↓↓↓

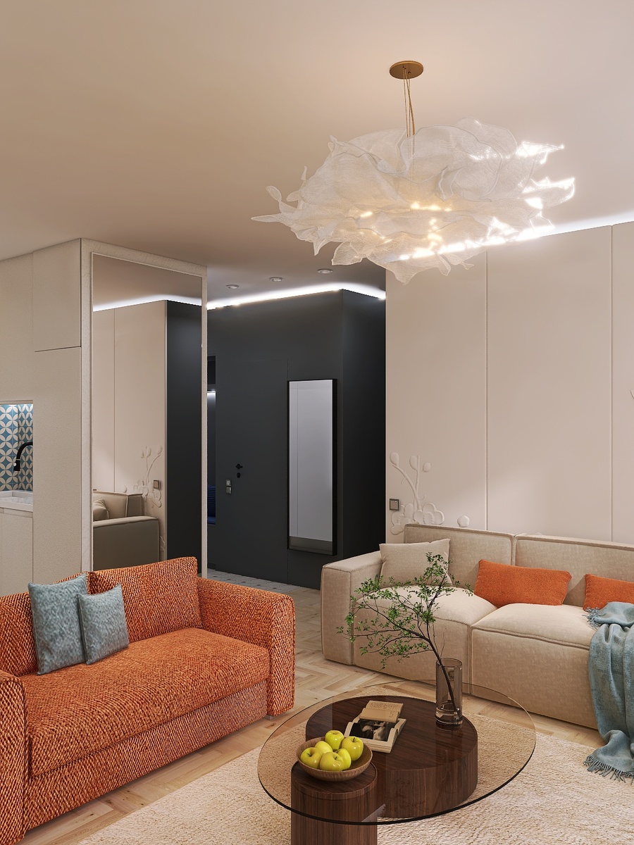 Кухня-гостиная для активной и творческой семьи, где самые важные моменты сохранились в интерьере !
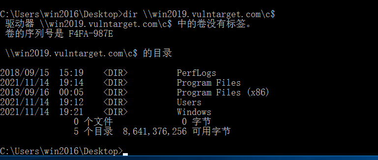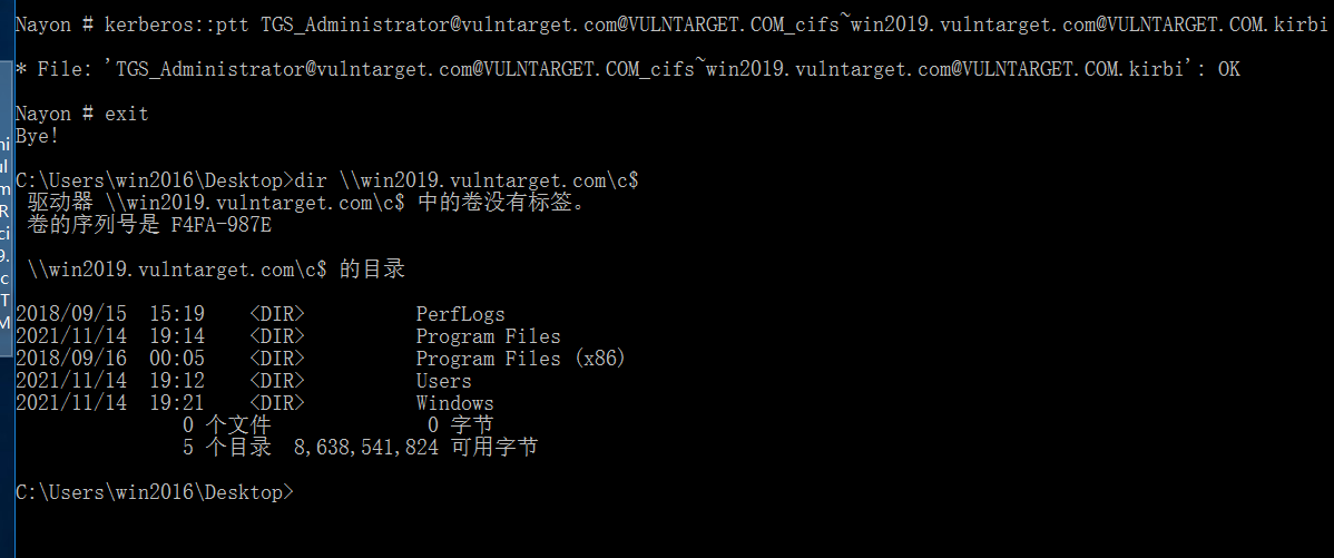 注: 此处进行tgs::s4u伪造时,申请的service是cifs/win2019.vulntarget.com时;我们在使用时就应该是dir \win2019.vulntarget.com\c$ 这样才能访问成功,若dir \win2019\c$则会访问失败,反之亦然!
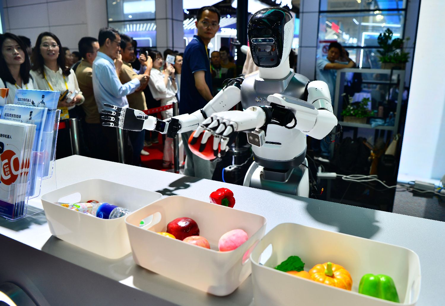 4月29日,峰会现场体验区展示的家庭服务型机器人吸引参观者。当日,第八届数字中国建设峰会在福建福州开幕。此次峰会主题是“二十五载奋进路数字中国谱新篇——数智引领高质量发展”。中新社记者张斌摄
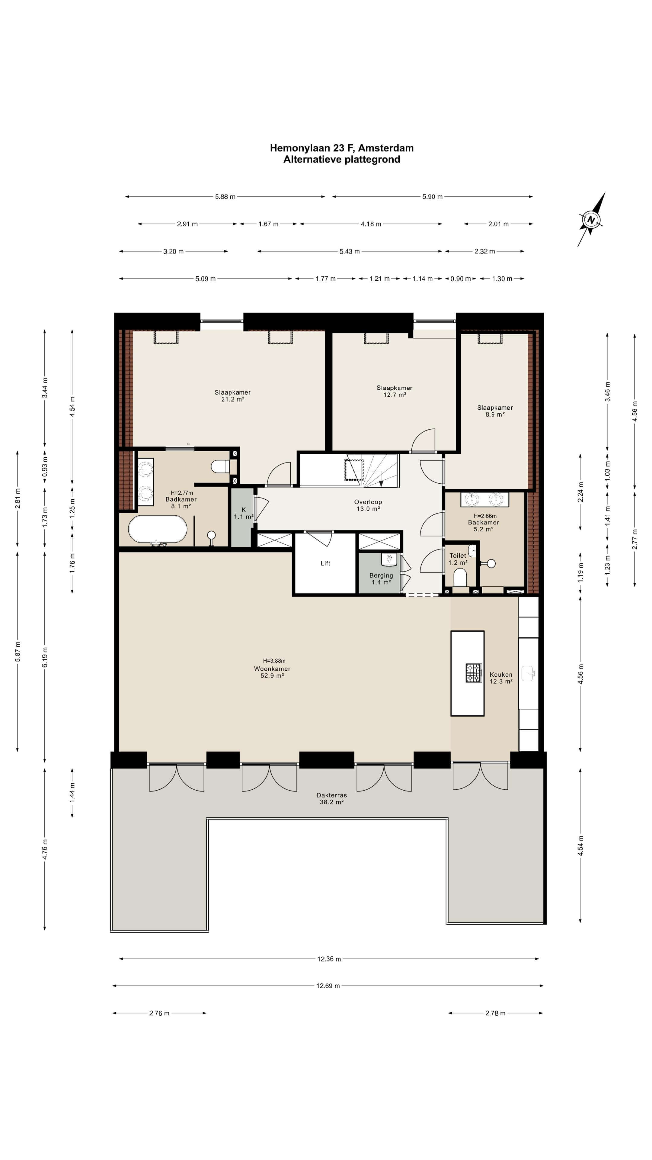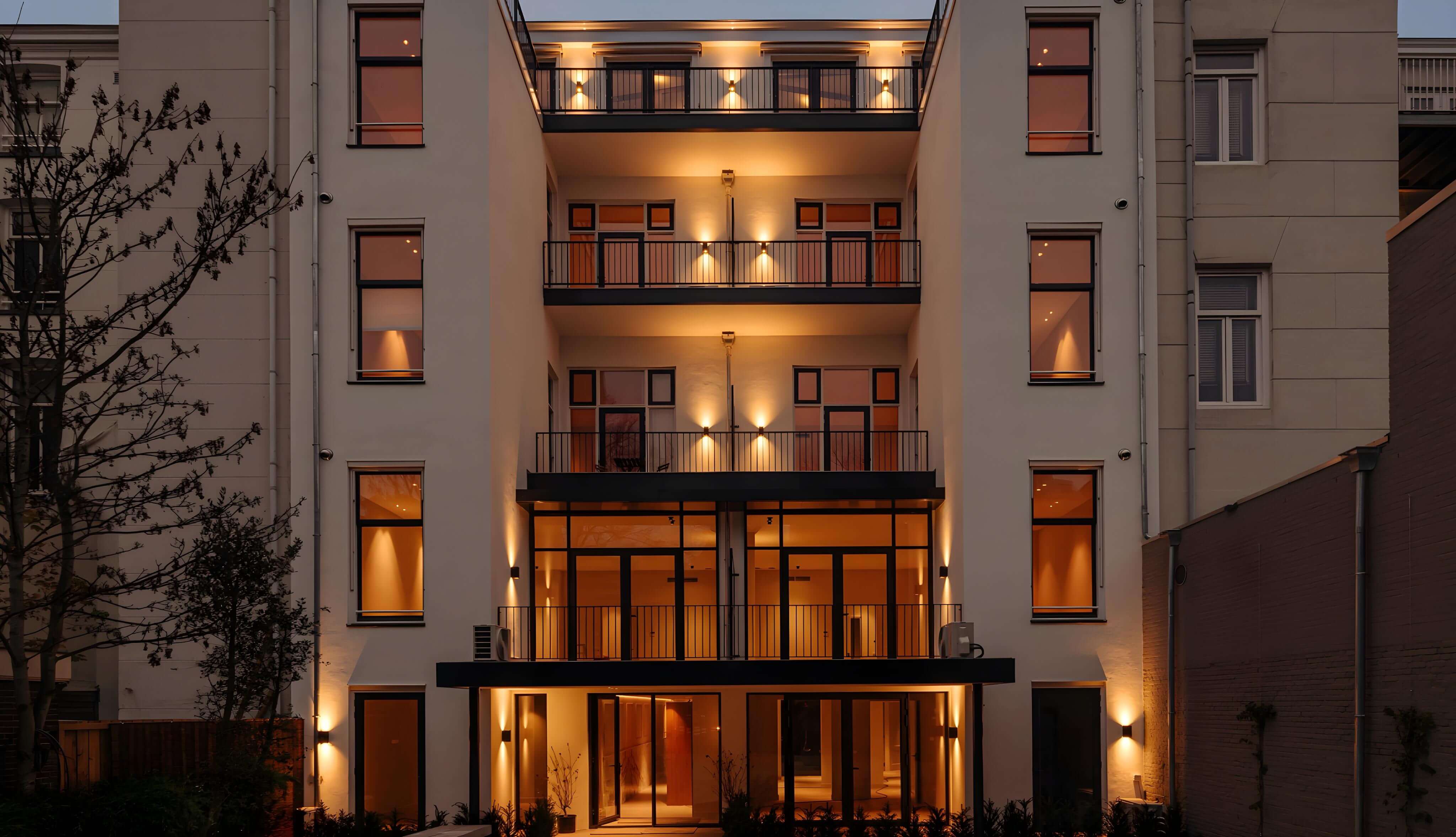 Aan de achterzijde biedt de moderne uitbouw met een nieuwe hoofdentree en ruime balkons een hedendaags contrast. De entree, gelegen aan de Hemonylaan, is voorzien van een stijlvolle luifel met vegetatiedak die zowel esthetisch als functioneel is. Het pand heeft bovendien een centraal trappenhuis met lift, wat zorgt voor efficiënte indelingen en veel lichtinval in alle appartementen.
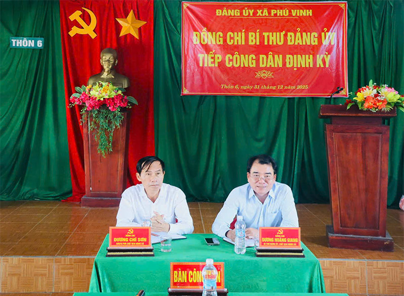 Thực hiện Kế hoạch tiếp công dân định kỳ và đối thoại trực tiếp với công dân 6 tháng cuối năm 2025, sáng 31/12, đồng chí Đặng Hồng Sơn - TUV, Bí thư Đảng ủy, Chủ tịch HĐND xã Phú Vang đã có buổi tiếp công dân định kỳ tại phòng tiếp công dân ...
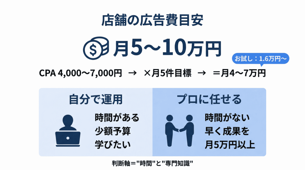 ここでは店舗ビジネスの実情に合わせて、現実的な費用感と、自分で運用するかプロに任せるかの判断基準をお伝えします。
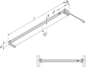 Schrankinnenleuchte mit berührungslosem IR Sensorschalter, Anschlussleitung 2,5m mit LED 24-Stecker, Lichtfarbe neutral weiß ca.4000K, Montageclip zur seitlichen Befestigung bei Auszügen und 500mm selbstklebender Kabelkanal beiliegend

↑↑↑

Everything in the listing above except the pictures should be duplicated exactly.

 Кухня-гостиная для активной и творческой семьи, где самые важные моменты сохранились в интерьере !
 注: 此处进行tgs::s4u伪造时,申请的service是cifs/win2019.vulntarget.com时;我们在使用时就应该是dir \win2019.vulntarget.com\c$ 这样才能访问成功,若dir \win2019\c$则会访问失败,反之亦然!
 4月29日,峰会现场体验区展示的家庭服务型机器人吸引参观者。当日,第八届数字中国建设峰会在福建福州开幕。此次峰会主题是“二十五载奋进路数字中国谱新篇——数智引领高质量发展”。中新社记者张斌摄
 Aan de achterzijde biedt de moderne uitbouw met een nieuwe hoofdentree en ruime balkons een hedendaags contrast. De entree, gelegen aan de Hemonylaan, is voorzien van een stijlvolle luifel met vegetatiedak die zowel esthetisch als functioneel is. Het pand heeft bovendien een centraal trappenhuis met lift, wat zorgt voor efficiënte indelingen en veel lichtinval in alle appartementen.
 Thực hiện Kế hoạch tiếp công dân định kỳ và đối thoại trực tiếp với công dân 6 tháng cuối năm 2025, sáng 31/12, đồng chí Đặng Hồng Sơn - TUV, Bí thư Đảng ủy, Chủ tịch HĐND xã Phú Vang đã có buổi tiếp công dân định kỳ tại phòng tiếp công dân ...
 ここでは店舗ビジネスの実情に合わせて、現実的な費用感と、自分で運用するかプロに任せるかの判断基準をお伝えします。
 Schrankinnenleuchte mit berührungslosem IR Sensorschalter, Anschlussleitung 2,5m mit LED 24-Stecker, Lichtfarbe neutral weiß ca.4000K, Montageclip zur seitlichen Befestigung bei Auszügen und 500mm selbstklebender Kabelkanal beiliegend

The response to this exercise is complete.